I tried attaching a resource policy to the S3 bucket and Glue Data Catalog. I can successfully create files in the target S3 bucket, but I don't see a new table created in the Glue database. The Run Status is "Succeeded".
Relevant Logs
24/01/17 16:55:17 INFO HadoopDataSink: Failed to create table customer in database my_database after job run with catalogId
com.amazonaws.services.glue.model.EntityNotFoundException: Database my_database not found. (Service: AWSGlue; Status Code: 400; Error Code: EntityNotFoundException;...
ETL Script
import sys
from awsglue.transforms import *
from awsglue.utils import getResolvedOptions
from pyspark.context import SparkContext
from awsglue.context import GlueContext
from awsglue.job import Job
args = getResolvedOptions(sys.argv, ["JOB_NAME"])
sc = SparkContext()
glueContext = GlueContext(sc)
spark = glueContext.spark_session
job = Job(glueContext)
job.init(args["JOB_NAME"], args)
# Source = Relational Database Table
source_db_table = glueContext.create_dynamic_frame.from_options(
connection_type="postgresql",
connection_options={
"useConnectionProperties": "true",
"dbtable": "public.customer",
"connectionName": "my_db_connection",
},
transformation_ctx="source_db_table",
)
# Target = S3 Bucket
target_s3_bucket = glueContext.getSink(
path="s3://my-bucket/data/customer/",
connection_type="s3",
updateBehavior="UPDATE_IN_DATABASE",
partitionKeys=[],
enableUpdateCatalog=True,
transformation_ctx="target_s3_bucket",
)
target_s3_bucket.setCatalogInfo(
catalogDatabase="my_database", catalogTableName="customer"
)
target_s3_bucket.setFormat("glueparquet", compression="snappy")
target_s3_bucket.writeFrame(source_db_table)
job.commit()
Glue Data Catalog Resource Policy
{
"Version": "2012-10-17",
"Statement": [
{
"Effect": "Allow",
"Principal": {
"AWS": "arn:aws:iam::111111111111:role/my-role"
},
"Action": [
"glue:CreateTable",
"glue:DeleteTable",
"glue:GetPartitions",
"glue:GetTable",
"glue:UpdateTable"
],
"Resource": [
"arn:aws:glue:us-east-1:222222222222:catalog",
"arn:aws:glue:us-east-1:222222222222:database/my_database",
"arn:aws:glue:us-east-1:222222222222:table/my_database/*"
]
}
]
}
You have to set the catalogId
for cross-account access:
target_s3_bucket.setCatalogInfo(
catalogDatabase="my_database", catalogTableName="customer", catalogId="222222222222"
)
Some AWS Glue PySpark and Scala APIs have a catalog ID field.
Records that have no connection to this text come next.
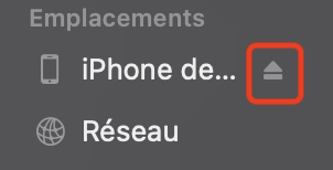 Éjection de votre iPhone depuis le Finder sur Mac.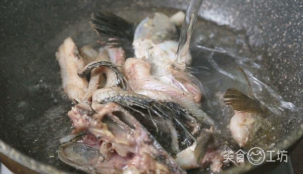 4. 锅中倒入少许油,滑入鱼骨,加入姜片和料酒翻炒,倒入沸水,加入盐调味,转中小火煮至鱼汤变白。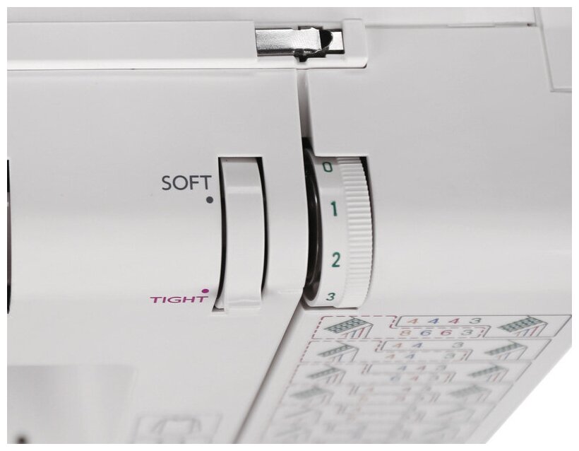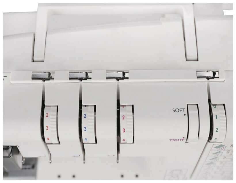 В комплектации модели есть система, отвечающая за показатель нитенатяжения при прохождении через петлитель.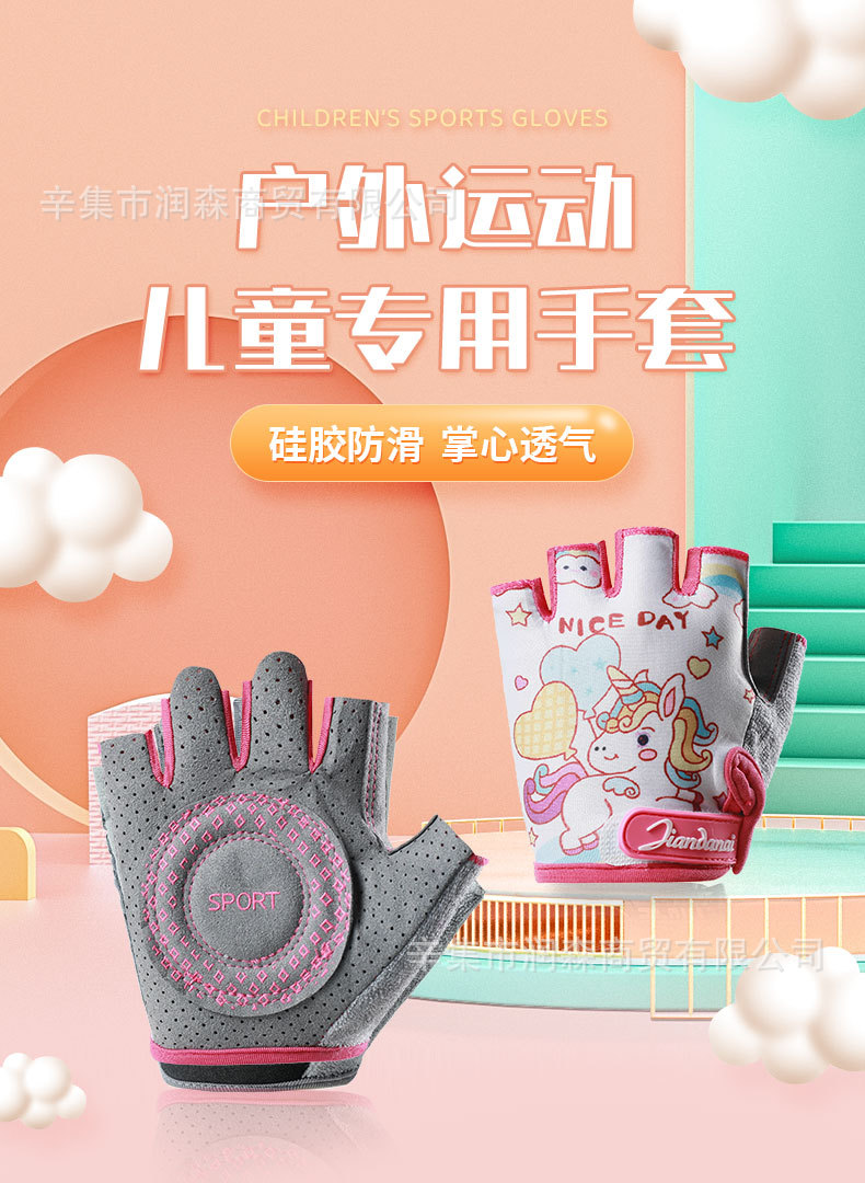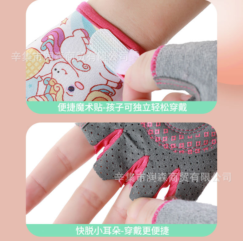 어린이용 장갑, 귀여운 만화 캐릭터 자전거용 손 보호 반손가락 장갑, 라이딩용 미끄럼 방지 통기성 피트니스 보호 롤러스케이트 장갑스토어 가기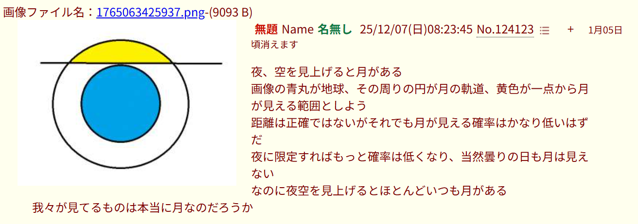 | … | 725/12/10(水)11:20:44No.1380974659そうだねx1月の満ち欠けを何だと思ってるんだ |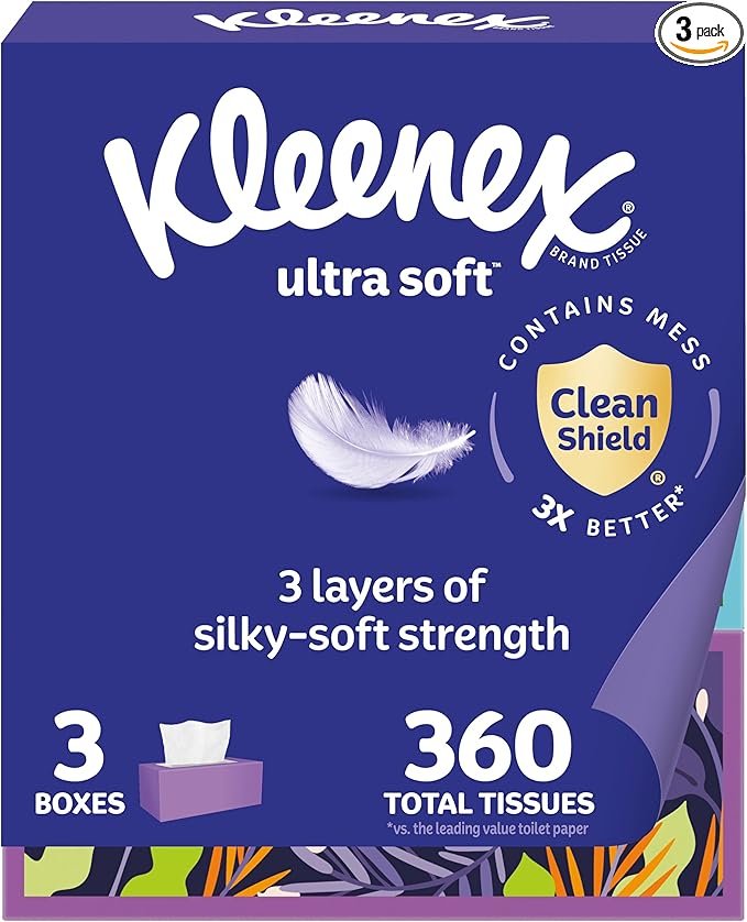 Kleenex Ultra Soft Facial Tissues, 3 Flat Boxes, 120 Tissues per Box, 3-Ply (360 Total), Packaging May Vary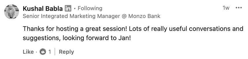 Lots of useful convos and suggestions - Kushal Babla, Monzo Bank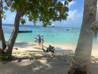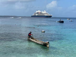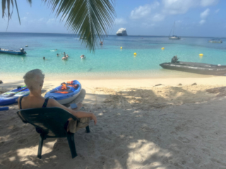 Today was mostly a beach day at the Hollander Cayes, part of the San Blas archipelago, Panama. A sandy beach, snorkeling and natives selling handmade embroidered fabrics was the order of the day. Judy and I were on the first zodiac off the ship and returned shortly before noon. We relaxed, had lunch and a nap, started packing and had dinner with our friends Martha, Dale, Pam and Steven.
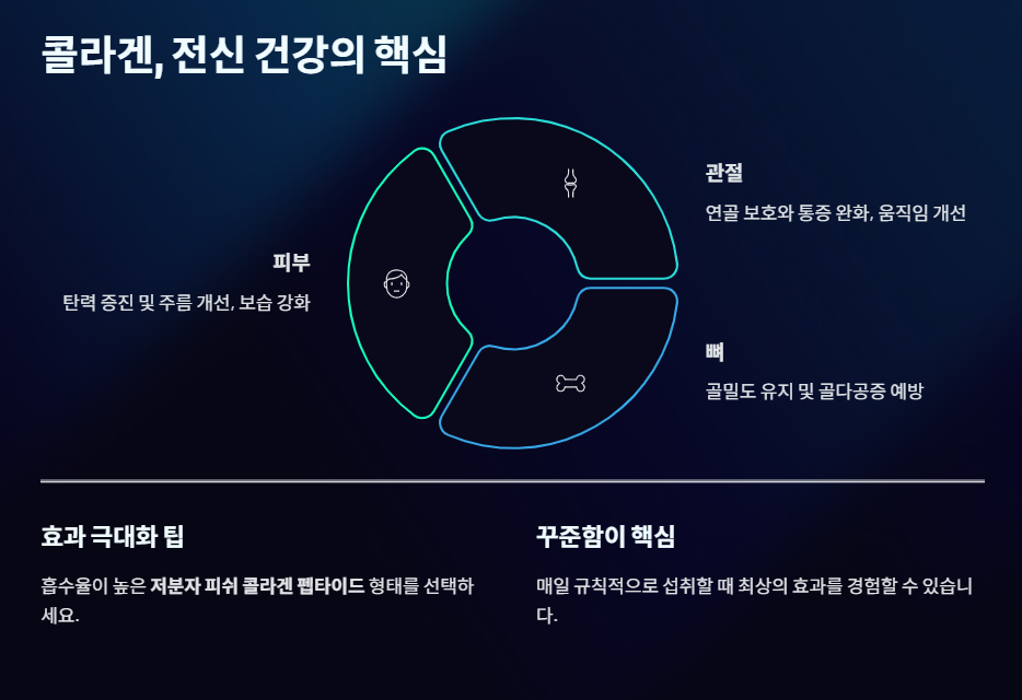 이 글에서는 콜라겐 보충이 제공하는 3가지 핵심 효능을 과학적 근거를 바탕으로 상세히 분석하고, 전신 건강에 미치는 긍정적인 영향까지 명확하게 알려드립니다.

If all the required permissions have been granted to enable cross-account access, an ETL job can make PySpark and Scala calls to API operations across accounts by passing the target AWS account ID in the catalog ID field to access Data Catalog resources in a target account.
If no catalog ID value is provided, AWS Glue uses the caller's own account ID by default, and the call is not cross-account.